2.2 DECISION TREES ALGORITHM
2.2.1 ID3 ALGORITHM
Iterative Dichotomiser 3 is a simple decision tree learning algorithm introduced in 1986 by Quinlan Ross[4]. It is serially implemented and based on Hunt‟s algorithm[5]. The basic idea of ID3 algorithm is to construct the decision tree by employing a top-down, greedy search through the given sets to test each attribute at every tree node. In the decision tree method, information gain approach is generally used to determine suitable property for each node of a generated decision tree. Therefore, we can select the attribute with the highest information gain (entropy reduction in the level of maximum) as the test attribute of current node. In this way, the information needed to classify the training sample subset obtained from later on partitioning will be the smallest. So, the use of this property for partitioning the sample set contained in current node will make the mixture degree of different types for all generated sample subsets reduced to a minimum. Hence, the use of an information theory approach will effectively reduce the required dividing number of object classification.
2.2.2 C4.5 ALGORITHM
C4.5[6] is an algorithm used to generate a decision tree developed by Ross Quinlan. C4.5 is an extension of Quinlan’s earlier ID3 algorithm. The decision trees generated by C4.5 can be used for classification and for this reason C4.5 is often referred to as a statistical classifier. As splitting criteria, C4.5 algorithm uses information gain. It can accept data with categorical or numerical values. Threshold is generated to handle continuous values and then divide attributes with values above the threshold and values equal to or below the threshold. C4.5 algorithm can easily handle missing values, as missing attribute values are not utilized in gain calculations by C4.5. The algorithm C4.5 has following advantages. Handling each attribute with different cost. Handling training data C4.5 allows attribute missing. Missing attribute values are not used in gain and entropy calculations. Handling both continuous and discrete attributes to handle continuous attributes, C4.5 creates a threshold and then splits the list into those whose attribute value is above the threshold and those that are less than or equal to it. Pruning trees after creation, C4.5 goes back through the tree once it has been created, and attempts to remove branches that are not needed, by replacing them with leaf nodes.
2.2.3 CART ALGORITHM
CART stands for classification and regression Trees. It was introduced by Breiman in 1984[7]. It builds both classifications and regression trees. The classification tree construction by CART is based on binary splitting of the attributes. CART also based on Hunt’s algorithm and can be implemented serially. Gini index is used as splitting measure in selecting the splitting attribute. CART is different from other Hunt’s based algorithm because it is also use for regression analysis with the help of the regression trees. The regression analysis feature is used in forecasting a dependent variable given a set of predictor variables over a given period of time. CARTS supports continuous and nominal attribute data and have average speed of processing.
2.2.3.1 CART ADVANTAGE
The advantage of CART algorithm is as follows. First it is non parametric, second it performs automatically variable selection, third it uses any combination of continuous or discrete variables and it is very nice feature i.e ability to automatically bin massively categorical variables into a few categories. Finally it establishes interactions among variables.

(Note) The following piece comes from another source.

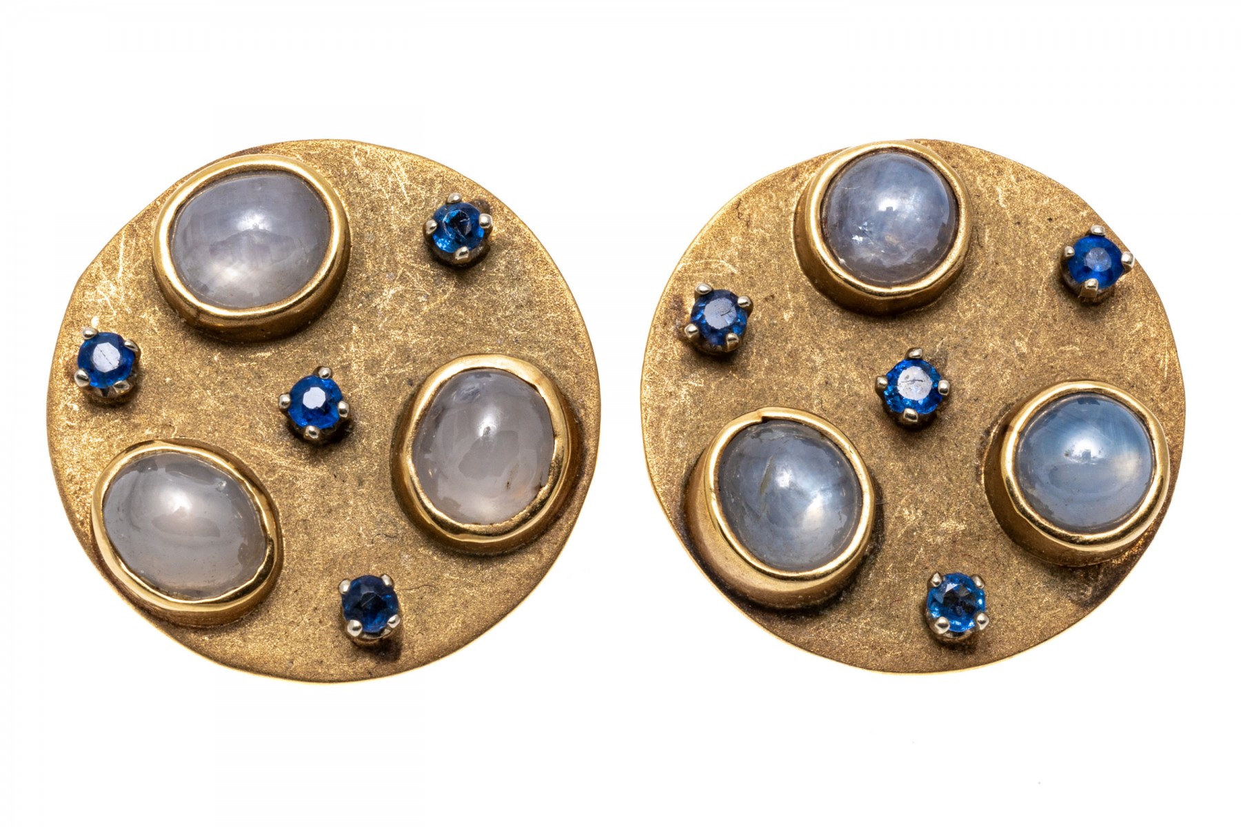 A pair of 14K yellow gold earrings. These disk shaped earrings are set with pale blue opaque sapphires and petite bark blue sapphires for an eye-catching contrast. Clip style backings.

Table 1: Comparisons between different decision tree algorithms
3. EXPERIMENT
3.1 IRIS DATA
To evaluate the performance of accuracy on ensemble model we take Iris data[8]. This is perhaps the best known database to be found in the pattern recognition literature. Fisher's paper is a classic in the field and is referenced frequently to this day. The data set contains 3 classes of 50 instances each, where each class refers to a type of iris plant. One class is linearly separable from the other 2; the latter are not linearly separable from each other. Attribute information is consists of 5, that is 1. sepal length 2. sepal width 3. petal length 4. petal width 5. Class. Class is divided into 3 categories such as Iris Setosa, Iris Versicolour and Iris Virginica. In this experiment number of trees are 100. Mean and overall accuracy is 0.9409 and 95.5555 respectively.
Table 2. Mean and overall accuracy of ensemble model
We compared the proposed model to other traditional single classifier i.e logistic regression, random forest and support vector machine(SVM). In SVM RBF kernel is taken.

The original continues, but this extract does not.